Так было и с чародейкой Ладой...
В те времена не было более жестоких и черствых людей, как духовенство. Узкие, невежественные, мстительные фанатики не могли простить, что в руках необразованной, простой женщины,-- такой великий дар и такая громкая слава, а у них, таких ученых, знающих премудрое Слово Священного Писания, уважаемых сильными мира, нет этого великого дара и нет этой громкой человеческой славы, и решили служители церкви, в душных своих кельях, отомстить чародейке Ладе.
По Нарве они распространяют слух, что Лада -- колдунья и силой бесовской исцеляет недужных, и что нет места ей под небом и Бог требует сожжения ее на костре.
Тот, кого во все времена считали отбросами человечества и у кого не спрашивали совета сильные люди,-- простой народ -- всей силой своей любви восстал против монашеской злобы и решил не допустить на костер чистую Ладу, так много любви и заботы отдавшей страждущим людям.
Но злоба сильных -- сильнее любви народа.
Она сделала свое дело.
В темную зимнюю ночь, в тихую хижину Лады ворвались люди, закованные в железо, грубо схватили ее и повели по тихим снежным улицам Нарвы в мрачный подвал высокой церкви, где заседало Высшее судилище инквизиторов. Никто не защитил Ладу.
Чтобы не было возмущения в народе, сильные люди решили сжечь ее тайно, перед ратушей, в ночь на Рождество Христово, ровно в двенадцать часов.

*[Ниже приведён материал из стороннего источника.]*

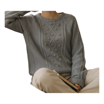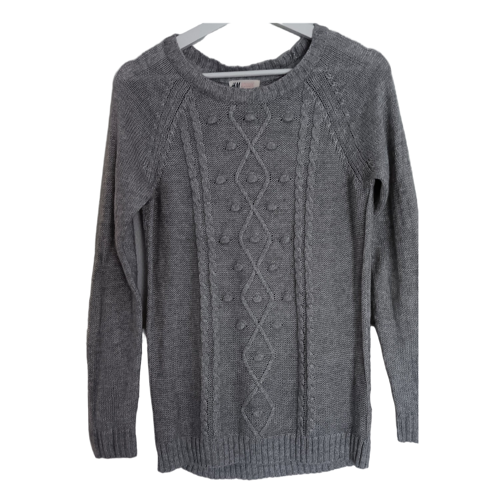Gray long-sleeved knit sweater with cable knit and bobble pattern. Size 146/152.

Когда заснула Нарва, от дверей церкви потянулась мрачная процессия. Жуткое пламя факелов освещало фигуры монахов-инквизиторов, черных как исчадия ада, и среди них белую, как лилия, фигуру Лады. Гнусавыми голосами тихо распевались псалмы.
Остановились на площади. Стали ждать, когда ударит полночь, чтобы приступить к сожжению.
Неуловимо тянется стрелка. Проходит минута. Две. Три. Сейчас должны пробить смертные для Лады часы, и вдруг... чудо. Часы остановились.
Какой-то испуганный монах, разжигавший костер, в страхе прошептал:
-- Перст Божий!
И бросил факел.
Но кто-то твердо отчеканил властным голосом:
-- Сжечь ее немедленно! Она силой волшебства своего остановила часы!
И сожгли Ладу.
Да...сожгли. И никто тогда не протестовал, кроме ратушных часов.
За готическими, узорными от мороза окнами плакала снежная вьюга, и мне, маленькому, казалось, что это плакала белая душа сожженной Лады.
Комментарии
Нарвский листок, 1925, No 123 (229), 26 декабря, за подписью "В. Волгин".